_ASSIGNMENT_. Reproduce the records below exactly, but only between the lines holding "- Solo recibe" and "여신'으로 소문난 아내와", inclusive.

————————

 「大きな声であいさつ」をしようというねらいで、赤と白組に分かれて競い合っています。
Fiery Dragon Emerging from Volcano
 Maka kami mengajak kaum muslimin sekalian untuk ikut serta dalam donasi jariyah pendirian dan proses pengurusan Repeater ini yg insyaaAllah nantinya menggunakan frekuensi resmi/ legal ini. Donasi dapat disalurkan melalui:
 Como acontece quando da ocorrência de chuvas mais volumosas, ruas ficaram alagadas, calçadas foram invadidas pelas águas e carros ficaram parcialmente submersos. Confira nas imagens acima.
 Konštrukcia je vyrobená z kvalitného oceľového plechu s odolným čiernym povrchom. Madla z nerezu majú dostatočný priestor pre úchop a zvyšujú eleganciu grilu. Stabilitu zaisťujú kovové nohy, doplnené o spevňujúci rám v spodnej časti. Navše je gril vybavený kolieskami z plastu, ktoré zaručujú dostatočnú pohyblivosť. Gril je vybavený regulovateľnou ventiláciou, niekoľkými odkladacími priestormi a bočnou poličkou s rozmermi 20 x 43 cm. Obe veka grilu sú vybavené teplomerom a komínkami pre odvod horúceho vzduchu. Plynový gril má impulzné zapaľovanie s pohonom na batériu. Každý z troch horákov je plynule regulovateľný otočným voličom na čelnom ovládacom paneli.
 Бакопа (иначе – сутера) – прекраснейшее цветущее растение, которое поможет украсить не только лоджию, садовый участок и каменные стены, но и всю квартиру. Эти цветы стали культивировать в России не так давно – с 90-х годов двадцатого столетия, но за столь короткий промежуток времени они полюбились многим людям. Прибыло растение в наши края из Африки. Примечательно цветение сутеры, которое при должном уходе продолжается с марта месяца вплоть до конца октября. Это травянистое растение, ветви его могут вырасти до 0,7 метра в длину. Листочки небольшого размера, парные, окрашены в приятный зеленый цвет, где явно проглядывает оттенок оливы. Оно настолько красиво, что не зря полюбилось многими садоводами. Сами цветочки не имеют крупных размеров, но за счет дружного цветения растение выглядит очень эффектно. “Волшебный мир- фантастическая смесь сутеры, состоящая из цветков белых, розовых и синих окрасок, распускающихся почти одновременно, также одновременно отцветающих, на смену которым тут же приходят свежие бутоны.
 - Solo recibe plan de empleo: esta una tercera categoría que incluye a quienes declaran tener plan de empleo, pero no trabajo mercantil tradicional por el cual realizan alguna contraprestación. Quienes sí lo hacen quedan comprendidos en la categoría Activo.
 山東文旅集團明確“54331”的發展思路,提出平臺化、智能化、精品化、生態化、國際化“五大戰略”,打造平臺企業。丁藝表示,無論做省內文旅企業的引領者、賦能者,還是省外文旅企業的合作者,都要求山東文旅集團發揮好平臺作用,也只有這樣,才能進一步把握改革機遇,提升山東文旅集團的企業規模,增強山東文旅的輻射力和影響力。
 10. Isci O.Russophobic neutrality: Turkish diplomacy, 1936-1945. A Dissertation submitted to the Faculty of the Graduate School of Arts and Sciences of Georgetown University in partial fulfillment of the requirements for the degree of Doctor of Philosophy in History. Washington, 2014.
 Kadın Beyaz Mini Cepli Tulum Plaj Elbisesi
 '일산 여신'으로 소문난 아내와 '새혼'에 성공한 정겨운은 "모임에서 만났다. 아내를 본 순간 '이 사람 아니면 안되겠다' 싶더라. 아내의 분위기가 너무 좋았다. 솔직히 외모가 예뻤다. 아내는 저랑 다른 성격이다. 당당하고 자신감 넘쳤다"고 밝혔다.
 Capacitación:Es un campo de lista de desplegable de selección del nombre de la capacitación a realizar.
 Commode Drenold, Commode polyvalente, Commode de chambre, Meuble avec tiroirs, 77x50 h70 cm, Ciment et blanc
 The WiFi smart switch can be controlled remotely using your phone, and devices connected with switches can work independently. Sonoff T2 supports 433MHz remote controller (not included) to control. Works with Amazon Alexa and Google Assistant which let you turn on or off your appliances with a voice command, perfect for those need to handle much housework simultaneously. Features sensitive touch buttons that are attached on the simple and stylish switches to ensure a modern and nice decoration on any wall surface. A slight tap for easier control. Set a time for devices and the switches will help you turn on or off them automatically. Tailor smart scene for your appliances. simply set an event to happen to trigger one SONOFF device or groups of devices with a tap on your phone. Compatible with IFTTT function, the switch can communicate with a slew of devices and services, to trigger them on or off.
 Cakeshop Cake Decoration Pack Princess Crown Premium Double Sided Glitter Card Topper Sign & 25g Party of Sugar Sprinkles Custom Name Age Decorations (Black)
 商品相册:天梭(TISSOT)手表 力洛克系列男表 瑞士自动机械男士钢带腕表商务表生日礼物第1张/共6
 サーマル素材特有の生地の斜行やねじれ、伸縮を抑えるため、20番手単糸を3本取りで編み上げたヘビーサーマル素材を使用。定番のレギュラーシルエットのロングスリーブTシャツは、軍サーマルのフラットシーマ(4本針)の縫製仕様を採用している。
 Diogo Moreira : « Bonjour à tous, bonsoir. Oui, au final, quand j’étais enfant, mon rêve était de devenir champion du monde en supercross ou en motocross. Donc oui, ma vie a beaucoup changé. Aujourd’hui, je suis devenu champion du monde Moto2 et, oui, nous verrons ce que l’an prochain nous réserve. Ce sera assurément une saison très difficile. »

————————

_ANSWER TO THE PROBLEM_.
 - Solo recibe plan de empleo: esta una tercera categoría que incluye a quienes declaran tener plan de empleo, pero no trabajo mercantil tradicional por el cual realizan alguna contraprestación. Quienes sí lo hacen quedan comprendidos en la categoría Activo.
 山東文旅集團明確“54331”的發展思路,提出平臺化、智能化、精品化、生態化、國際化“五大戰略”,打造平臺企業。丁藝表示,無論做省內文旅企業的引領者、賦能者,還是省外文旅企業的合作者,都要求山東文旅集團發揮好平臺作用,也只有這樣,才能進一步把握改革機遇,提升山東文旅集團的企業規模,增強山東文旅的輻射力和影響力。
 10. Isci O.Russophobic neutrality: Turkish diplomacy, 1936-1945. A Dissertation submitted to the Faculty of the Graduate School of Arts and Sciences of Georgetown University in partial fulfillment of the requirements for the degree of Doctor of Philosophy in History. Washington, 2014.
 Kadın Beyaz Mini Cepli Tulum Plaj Elbisesi
 '일산 여신'으로 소문난 아내와 '새혼'에 성공한 정겨운은 "모임에서 만났다. 아내를 본 순간 '이 사람 아니면 안되겠다' 싶더라. 아내의 분위기가 너무 좋았다. 솔직히 외모가 예뻤다. 아내는 저랑 다른 성격이다. 당당하고 자신감 넘쳤다"고 밝혔다.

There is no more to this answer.